Title: Uncertainty and Exploration of Deep Learning-based Atomistic Models for Screening Molten Salt Properties and Compositions

Abstract: Due to extreme chemical, thermal, and radiation environments, existing molten salt property databases lack the necessary experimental thermal properties of reactor-relevant salt compositions. Meanwhile, simulating these properties directly is typically either computationally expensive or inaccurate. In recent years, deep learning (DL)-based atomistic simulations have emerged as a method for achieving both efficiency and accuracy. However, there remain significant challenges in assessing model reliability in DL models when simulating properties and screening new systems. In this work, structurally complex LiF-NaF-ZrF$_4$ salt is studied.

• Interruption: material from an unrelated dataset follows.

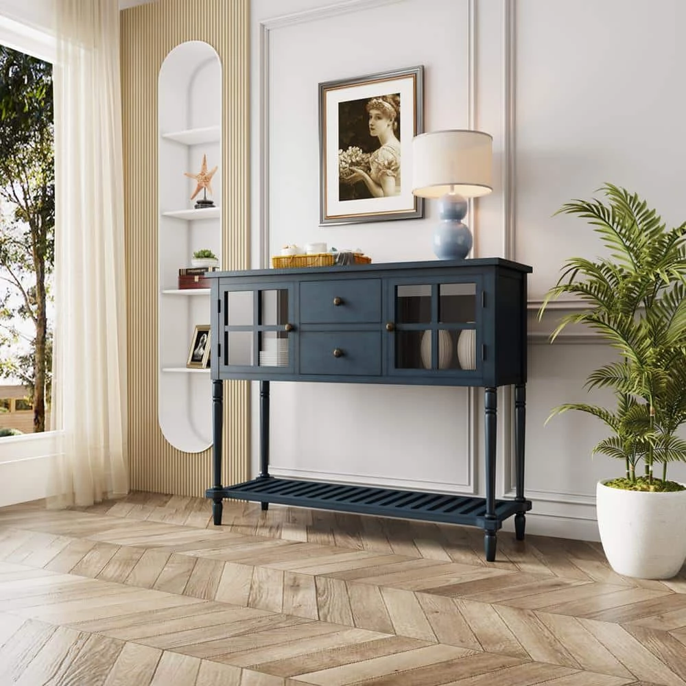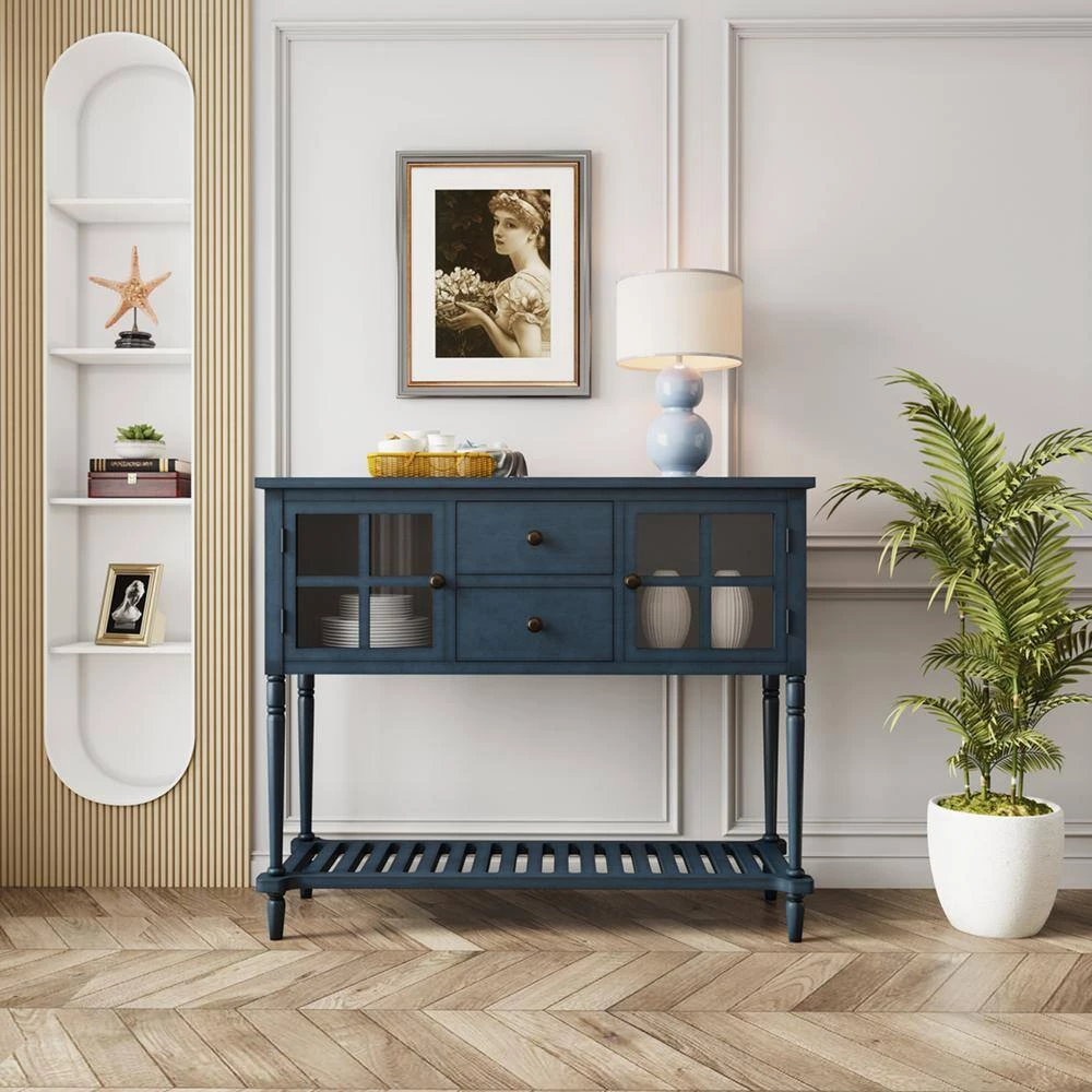 Effortlessly fill in that blank space in your home with this console table, designed to fit all of your needs and more. Crafted with a classic vintage appearance, this table comes complete with two front facing cabinet doors that open to reveal a spacious interior, perfect for stowing away your larger necessities and keeping them out of sight. The drawers minimize clutter, offering plenty of space to hold smaller items such as keys or mails while the spacious bottom shelf is the perfect place for storage baskets, shoes and more. Crafted with thick Pine and MDF wood slabs and accented with quality iron handles, this piece is manufactured for quality and exudes a high-end appeal that will leave your guests talking.

We show that neural network (NN) uncertainty can be quantified using ensemble learning to provide a 95% confidence interval (CI) for NN-based predictions. We show that DL models can successfully extrapolate to new compositions, temperatures, and timescales, but fail for significant changes in density, which is captured by ensemble-based uncertainty predictions. This enables improved confidence in utilizing simulated data for realistic reactor conditions, and guidelines for training deployable DL models.
Subjects: Materials Science (cond-mat.mtrl-sci); Chemical Physics (physics.chem-ph)
Cite as: arXiv:2405.10325 [cond-mat.mtrl-sci]
  (or arXiv:2405.10325v1 [cond-mat.mtrl-sci] for this version)

Submission history

From: Rajni Chahal [view email]
[v1] Tue, 30 Apr 2024 21:20:55 GMT (331kb)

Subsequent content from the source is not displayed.